Task directions: For the data below, transcribe the part that opens with the line containing "ELFSACK Cute Black" and closes with the line containing "中国 AI 软件创新产品", exactly and with no pictures.

The data:
★ ★ ★ ★ ★ ★ ★
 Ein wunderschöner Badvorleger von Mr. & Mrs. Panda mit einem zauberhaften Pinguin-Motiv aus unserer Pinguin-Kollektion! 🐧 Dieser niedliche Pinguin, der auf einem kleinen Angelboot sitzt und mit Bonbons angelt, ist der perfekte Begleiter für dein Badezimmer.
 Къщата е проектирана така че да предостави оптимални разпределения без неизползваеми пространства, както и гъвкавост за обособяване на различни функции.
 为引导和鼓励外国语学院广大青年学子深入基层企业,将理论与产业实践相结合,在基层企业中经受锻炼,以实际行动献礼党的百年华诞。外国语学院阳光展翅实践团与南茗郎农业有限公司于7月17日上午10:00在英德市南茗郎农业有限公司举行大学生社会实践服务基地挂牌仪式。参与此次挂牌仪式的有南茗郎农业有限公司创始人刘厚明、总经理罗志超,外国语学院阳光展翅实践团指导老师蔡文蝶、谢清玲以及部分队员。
★ ★ ★ ★ ★ ★ ★
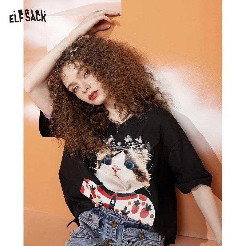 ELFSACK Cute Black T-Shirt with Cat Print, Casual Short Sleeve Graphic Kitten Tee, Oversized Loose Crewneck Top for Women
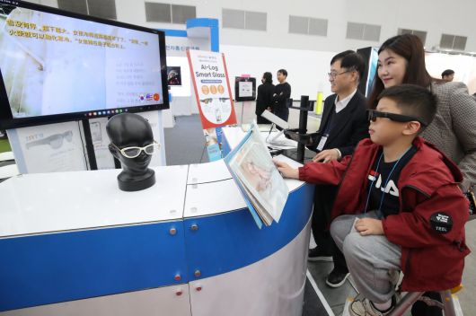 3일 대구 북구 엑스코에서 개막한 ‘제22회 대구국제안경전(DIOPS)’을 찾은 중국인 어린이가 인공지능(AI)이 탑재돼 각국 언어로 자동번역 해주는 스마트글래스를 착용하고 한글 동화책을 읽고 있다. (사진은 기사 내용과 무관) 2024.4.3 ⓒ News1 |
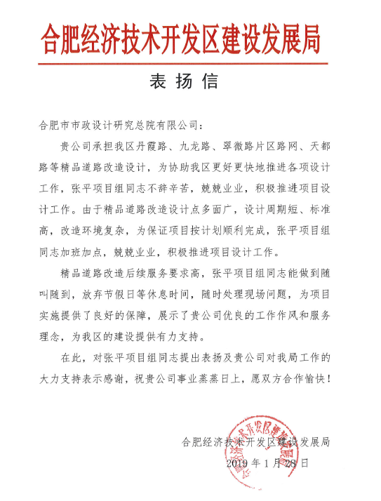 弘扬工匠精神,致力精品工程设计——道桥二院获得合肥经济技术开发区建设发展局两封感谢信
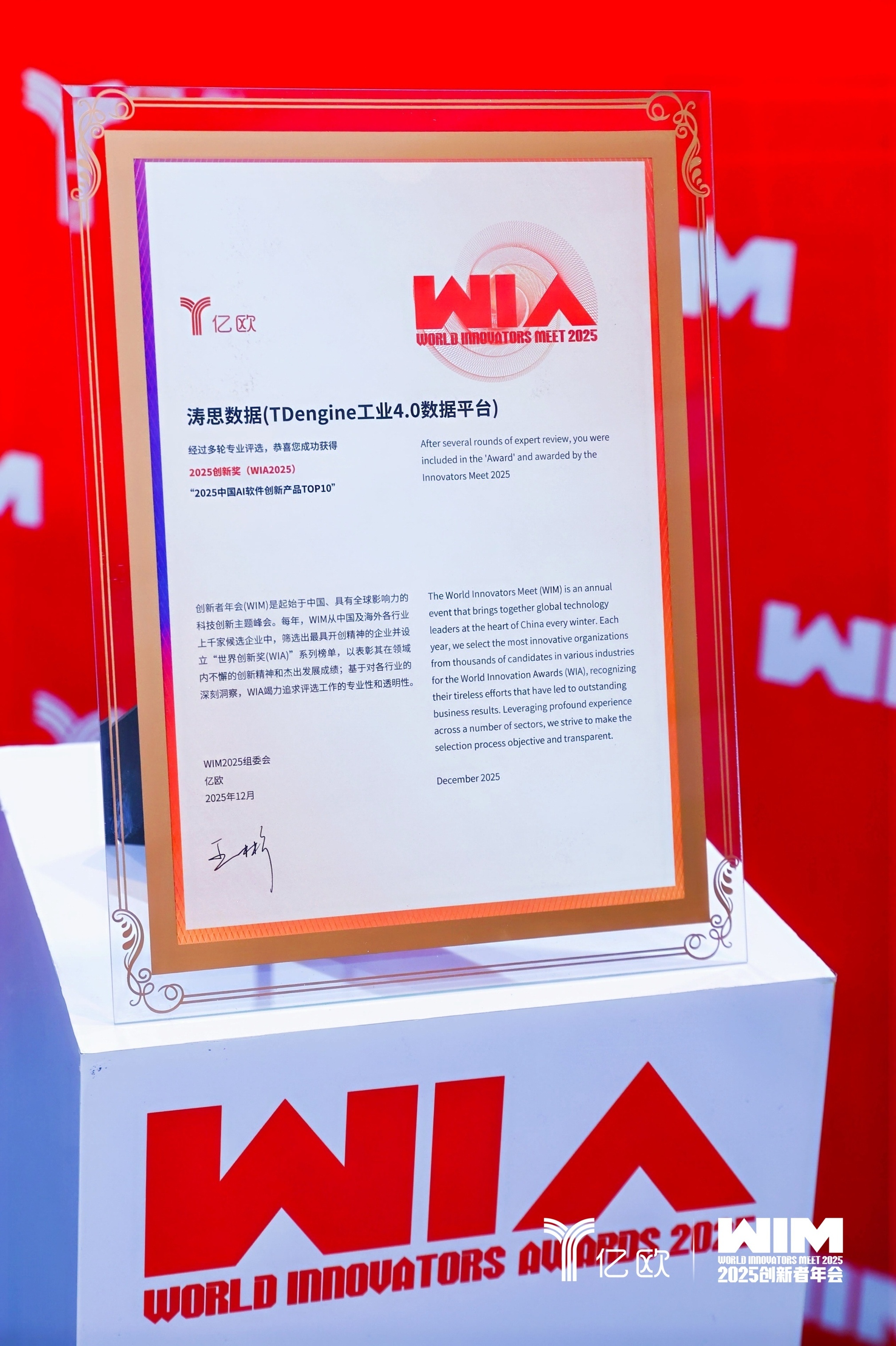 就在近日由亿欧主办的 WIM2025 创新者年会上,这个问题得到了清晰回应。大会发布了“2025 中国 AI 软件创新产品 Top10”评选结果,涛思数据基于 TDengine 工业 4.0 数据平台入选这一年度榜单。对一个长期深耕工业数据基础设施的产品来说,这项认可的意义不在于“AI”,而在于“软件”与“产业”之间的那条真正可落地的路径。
★ ★ ★ ★ ★ ★ ★
Exercise result:
 ELFSACK Cute Black T-Shirt with Cat Print, Casual Short Sleeve Graphic Kitten Tee, Oversized Loose Crewneck Top for Women
 3일 대구 북구 엑스코에서 개막한 ‘제22회 대구국제안경전(DIOPS)’을 찾은 중국인 어린이가 인공지능(AI)이 탑재돼 각국 언어로 자동번역 해주는 스마트글래스를 착용하고 한글 동화책을 읽고 있다. (사진은 기사 내용과 무관) 2024.4.3 ⓒ News1 |
 弘扬工匠精神,致力精品工程设计——道桥二院获得合肥经济技术开发区建设发展局两封感谢信
 就在近日由亿欧主办的 WIM2025 创新者年会上,这个问题得到了清晰回应。大会发布了“2025 中国 AI 软件创新产品 Top10”评选结果,涛思数据基于 TDengine 工业 4.0 数据平台入选这一年度榜单。对一个长期深耕工业数据基础设施的产品来说,这项认可的意义不在于“AI”,而在于“软件”与“产业”之间的那条真正可落地的路径。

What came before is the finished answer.